Top of Records for this task
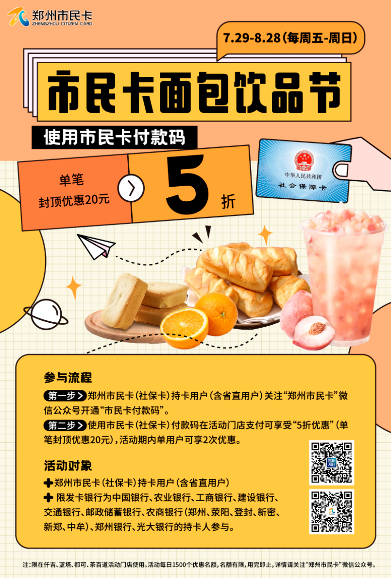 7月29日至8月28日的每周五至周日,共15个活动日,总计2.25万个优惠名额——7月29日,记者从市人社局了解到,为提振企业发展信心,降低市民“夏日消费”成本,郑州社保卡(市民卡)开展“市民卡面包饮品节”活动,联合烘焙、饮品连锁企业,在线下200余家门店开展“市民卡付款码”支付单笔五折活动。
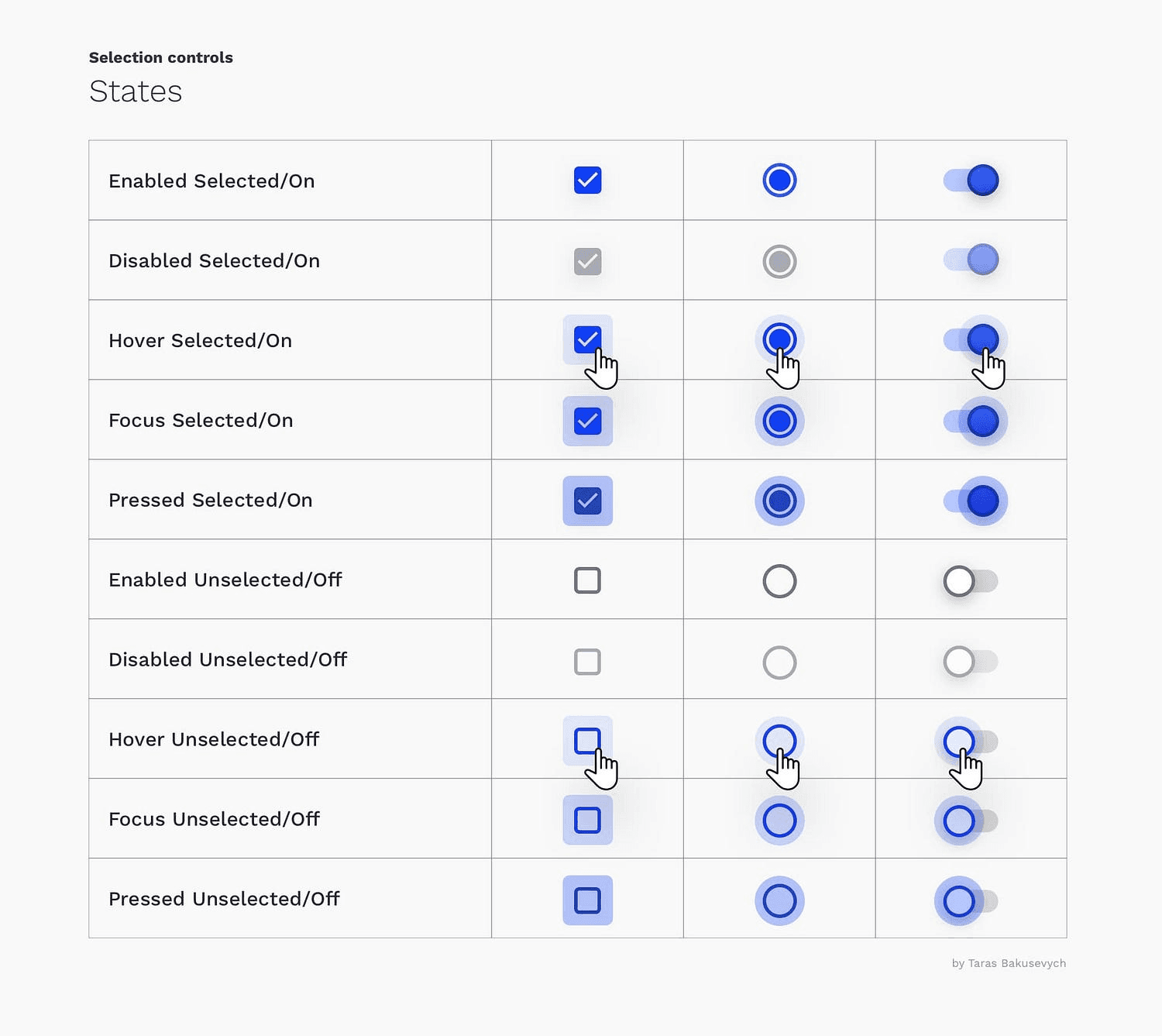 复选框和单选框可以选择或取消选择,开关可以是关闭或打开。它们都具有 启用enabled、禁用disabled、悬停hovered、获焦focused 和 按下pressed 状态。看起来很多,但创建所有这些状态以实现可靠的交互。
Bottom of Records for this task
Top of Records for this task
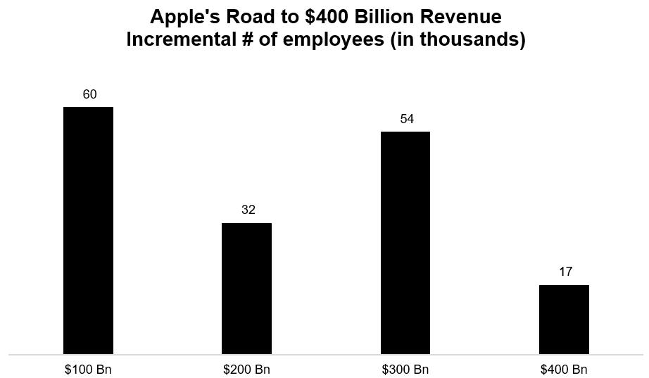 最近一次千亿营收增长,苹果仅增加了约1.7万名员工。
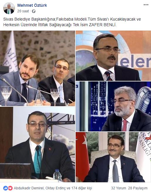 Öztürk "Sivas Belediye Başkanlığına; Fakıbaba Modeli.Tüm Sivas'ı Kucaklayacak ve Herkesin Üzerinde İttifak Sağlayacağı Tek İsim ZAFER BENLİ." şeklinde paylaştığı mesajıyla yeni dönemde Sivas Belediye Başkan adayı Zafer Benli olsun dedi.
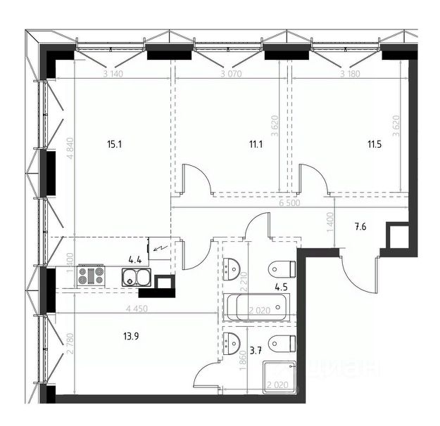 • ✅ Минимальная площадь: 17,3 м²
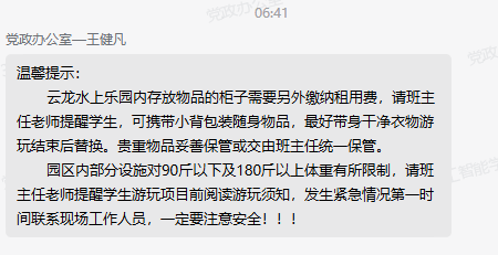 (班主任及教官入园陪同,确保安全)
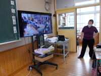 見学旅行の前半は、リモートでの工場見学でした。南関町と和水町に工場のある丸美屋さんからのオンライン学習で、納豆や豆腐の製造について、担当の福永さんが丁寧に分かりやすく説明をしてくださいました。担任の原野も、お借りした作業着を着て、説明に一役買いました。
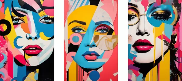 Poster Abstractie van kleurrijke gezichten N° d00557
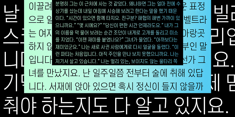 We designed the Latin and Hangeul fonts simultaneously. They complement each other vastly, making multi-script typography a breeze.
Bottom of Records for this task
## Assignment
In the listing above, find the line with "Benli olsun dedi." and the line with "We designed the". Copy both of them and every line between, exactly, but not the pictures.

## Response to this exercise
 Öztürk "Sivas Belediye Başkanlığına; Fakıbaba Modeli.Tüm Sivas'ı Kucaklayacak ve Herkesin Üzerinde İttifak Sağlayacağı Tek İsim ZAFER BENLİ." şeklinde paylaştığı mesajıyla yeni dönemde Sivas Belediye Başkan adayı Zafer Benli olsun dedi.
 • ✅ Минимальная площадь: 17,3 м²
 (班主任及教官入园陪同,确保安全)
 見学旅行の前半は、リモートでの工場見学でした。南関町と和水町に工場のある丸美屋さんからのオンライン学習で、納豆や豆腐の製造について、担当の福永さんが丁寧に分かりやすく説明をしてくださいました。担任の原野も、お借りした作業着を着て、説明に一役買いました。
 Poster Abstractie van kleurrijke gezichten N° d00557
 We designed the Latin and Hangeul fonts simultaneously. They complement each other vastly, making multi-script typography a breeze.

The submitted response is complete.